Born into a feud that began when the Morans shot her father in the stomach, Dhakota grew up stockpiling Father’s Day gifts for her jailbird dad that prison rules forbade her from giving to him.
The little girl was keeping them for the day he was released, not realising she would be an adult perhaps with children of her own by then.
She was too young to remember the procession of underworld funerals, or the family fleeing to a safe house fearing they might be the next victims of the bloody battle raging on Melbourne’s streets.
However, she and her older sisters from her mother’s previous marriage, Danielle and Breanane, would not forget growing up in a house bugged by police listening devices, or dressing behind towels in case hidden cameras were watching them.
“The children are the ones who have been hurt the most,” Roberta once conceded. “On both sides.”

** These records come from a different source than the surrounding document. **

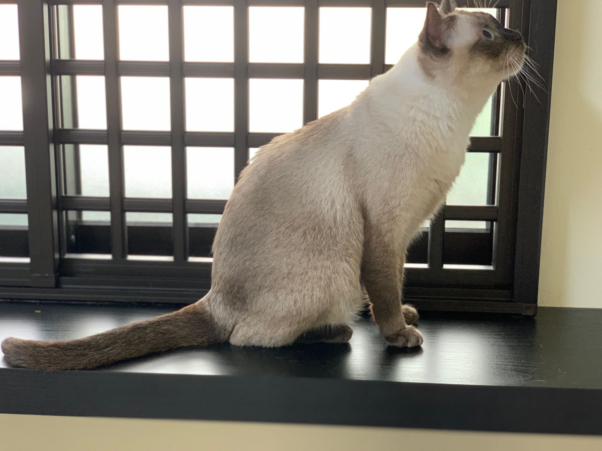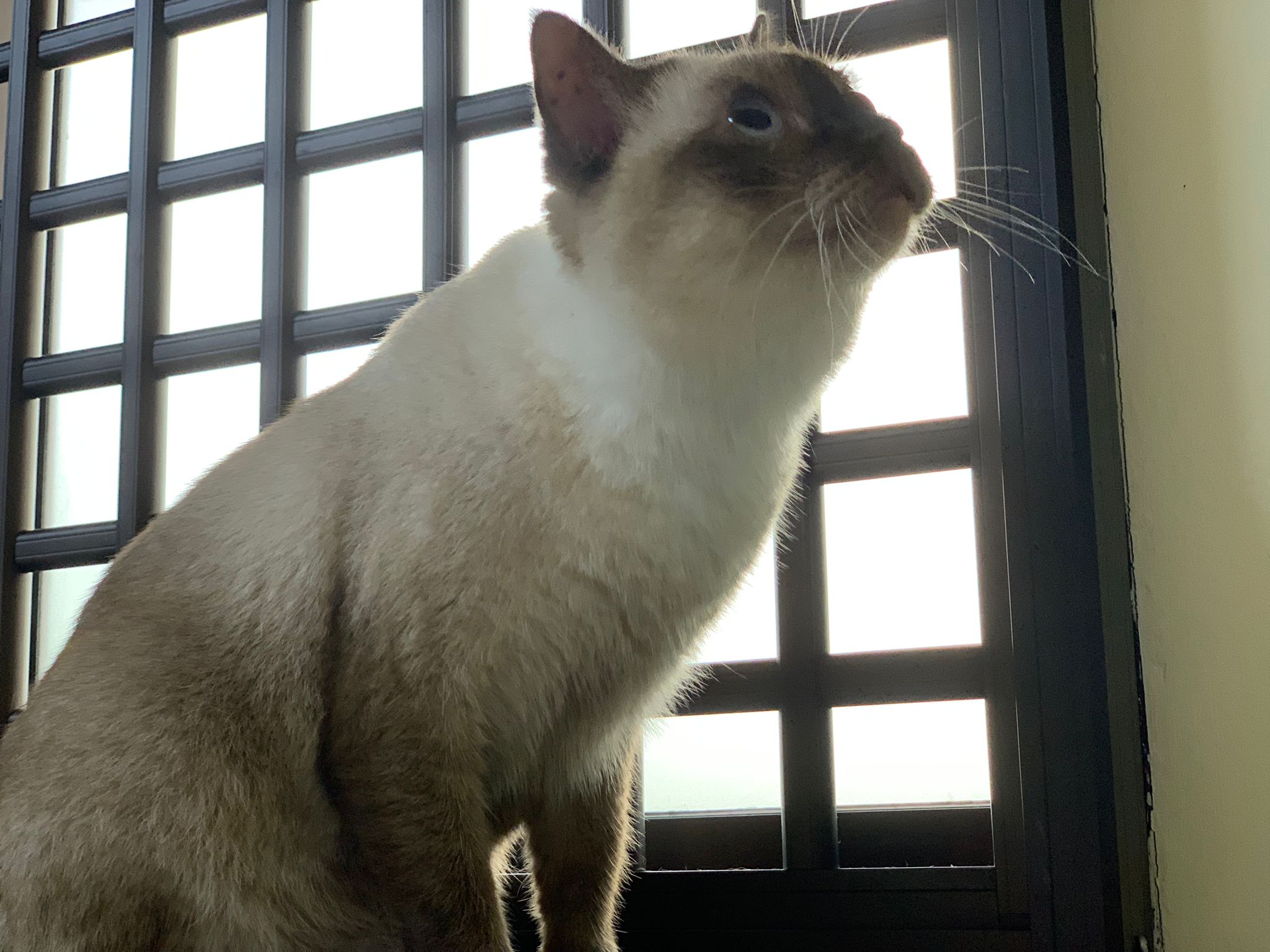 Morning: curious girl standing at the window looking out at plants. Told her aircon compressor Uncle dead, we will revive him on coming Tues. 4.00kg – lose 10g in 20 days.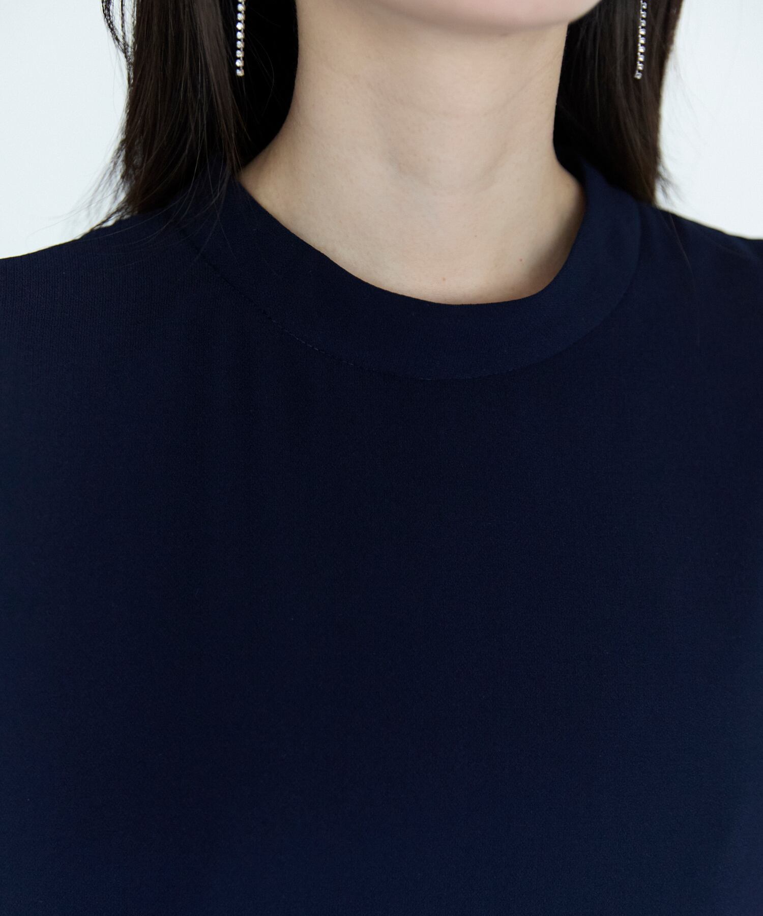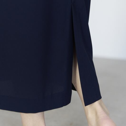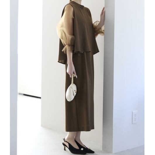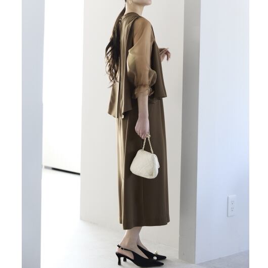 身頃は落ち感のある素材で、体のラインを拾いにくく、上品なシルエットに。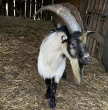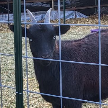 Cranmeadow Raven is by ARMBRO LASER out of SNORES. Her owner lost her farm in Maine and had to relocate. She and her sister Belle made the trip south and now they share their days with their herd mates Harley and Sam.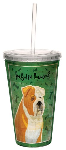 Tree-Free Greetings cc34019 Tan and White English Bulldog by John W. Golden Artful Traveler Double-Walled Cool Cup with Reusable Straw, 16-Ounce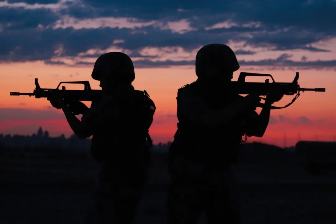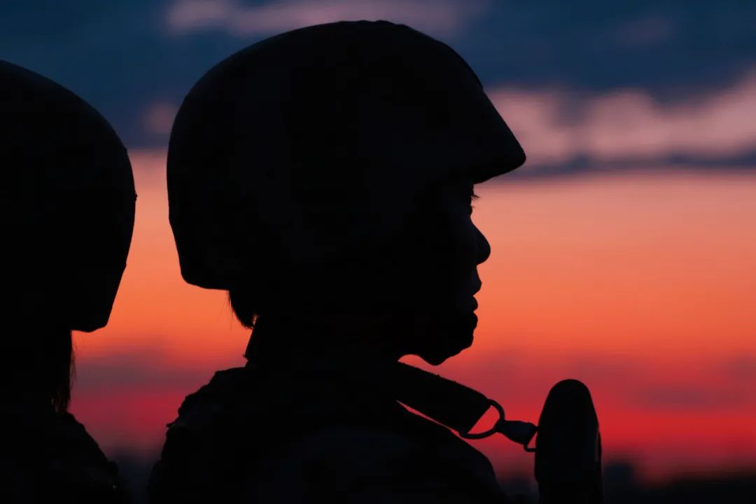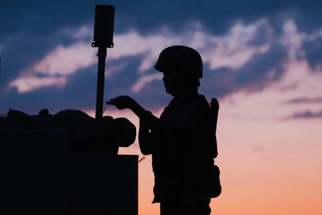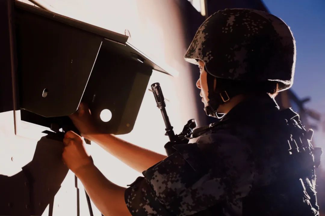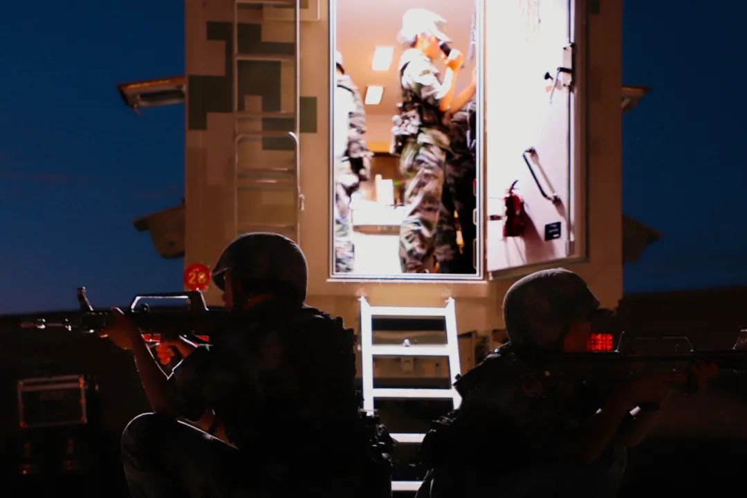 夜幕降临,女兵进行警戒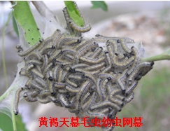 防治方法:(1)4月下旬,对往年发生经常发生点位的京桃、杨树等寄主植物喷洒除虫脲、灭幼脲或苯氧威等昆虫生长调节剂预防;(2)低龄幼虫期喷施1.2%苦•烟乳油800倍液、1%苦参碱水剂800倍液、2.5%溴氰菊酯1500倍液等药剂防治;(3)人工剪除黄褐天幕毛虫幼虫网幕,销毁处理。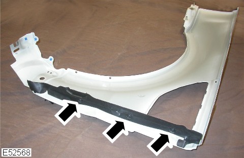 - Remove the fender splash shield. For additional information, refer to: Fender Splash Shield (501-02 Front End Body Panels, Removal and Installation).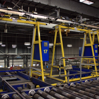"This line protects products by packaging them in advanced ways, ensuring safety during storage and transport. It uses durable materials suitable for metal products."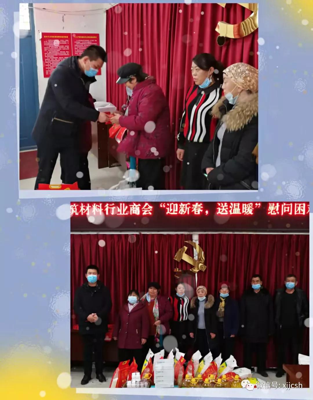 不忘初心使命,牢记社会责任。在农历虎年春节即将到来之际,新疆建筑材料行业商会理事会一班人在党支部书记高虹带领下,驱车50余公里,来到乌鲁木齐市米东区三道坝镇十二户西村,开展“迎新春送温暖”活动,集中看望十二户西村、塔桥湾村14个生活困难户,访贫问困送温暖,欢乐祥和迎新春。

Today Dhakota, who dreams of becoming a lawyer, recently lost her bid to inherit the $1 million home left to her by her late gangland grandfather, George Williams. The property, which has been shot at and firebombed and was where her grandmother Barbara Williams took her own life, has been seized by the Australian Taxation Office to pay a longstanding family debt.
CHRISTIAN AND MEMPHIS MORAN
Like Dhakota Williams, Jason Moran’s twins Christian and Memphis were shielded from media in the aftermath of their father’s execution when their mother Trisha took them to live in another state.
The twins, who survived the gunfire which claimed their father and his friend, were spared the publicity surrounding the 2010 trial of their infamous gangland grandmother, Judy Moran, then 65, who was jailed for her role in the murder of her brother-in-law, Des “Tuppence” Moran.
BLAISE ARMOUR
But their cousin Blaise Armour, who was also in the car that day, grew up haunted by what he had witnessed at 11, finding himself on the wrong side of the law in 2012 on drugs charges.
Armour, then 20, was given an adjourned undertaking after admitting possessing items for the manufacture of a drug, a Melbourne court hearing about the youngster’s “tumultuous upbringing”.
His mother, Suzanne Kane, had been charged as an accessory in Des Moran’s murder and was handed a two-year wholly-suspended sentence. He had also only recently discovered his father was Geoffrey “Nutts” Armour, the killer who is currently now serving 26 years for the crime.
Armour’s lawyer told the court that the gangland murders had had a profound impact on his life and that he was returning to Perth to resume his accounting studies.
BRITTANY MOKBEL
Similarly, Brittany Mokbel, the teenage daughter of notorious gangland figurehead Tony Mokbel, has also appeared in court, though for far less dramatic offences than the crimes which put her high-profile father behind bars for 30 years.
Brittany, now 22, received a good behaviour bond and was banned from driving for speeding offences, the court hearing she too had been bullied at school because her father was once Australia’s most wanted fugitive.
Born in Greece while her parents were on the run, Brittany now works in Melbourne as a hairdresser carrying the name and the legacy of her father who was once the head of The Company, Australia’s biggest drug cartel.
Mokbel’s older daughter Suzy, from his first marriage to Carmel DeLorenzo, is also a hairdresser and lives in Melbourne where she runs her own studio.
She recently told journalists her childhood with was unremarkable.
“I don’t think it was different at all,” Suzy recently told Melbourne media.
“Define most childhoods growing up?”
ELLIE GANGITANO
Meanwhile Ellie Gangitano, the daughter of Carlton Crew standover man Alphonse Gangitano, who in 1998 became the first victim of the gangland wars, has been making headlines as a talented actress.
Ellie, who once made her debut in Neighbours as a toddler, recently starred in The Doctor Blake Mysteries, while her sister Amelia lives a quieter life out of the spotlight with her partner Tristan and baby daughter.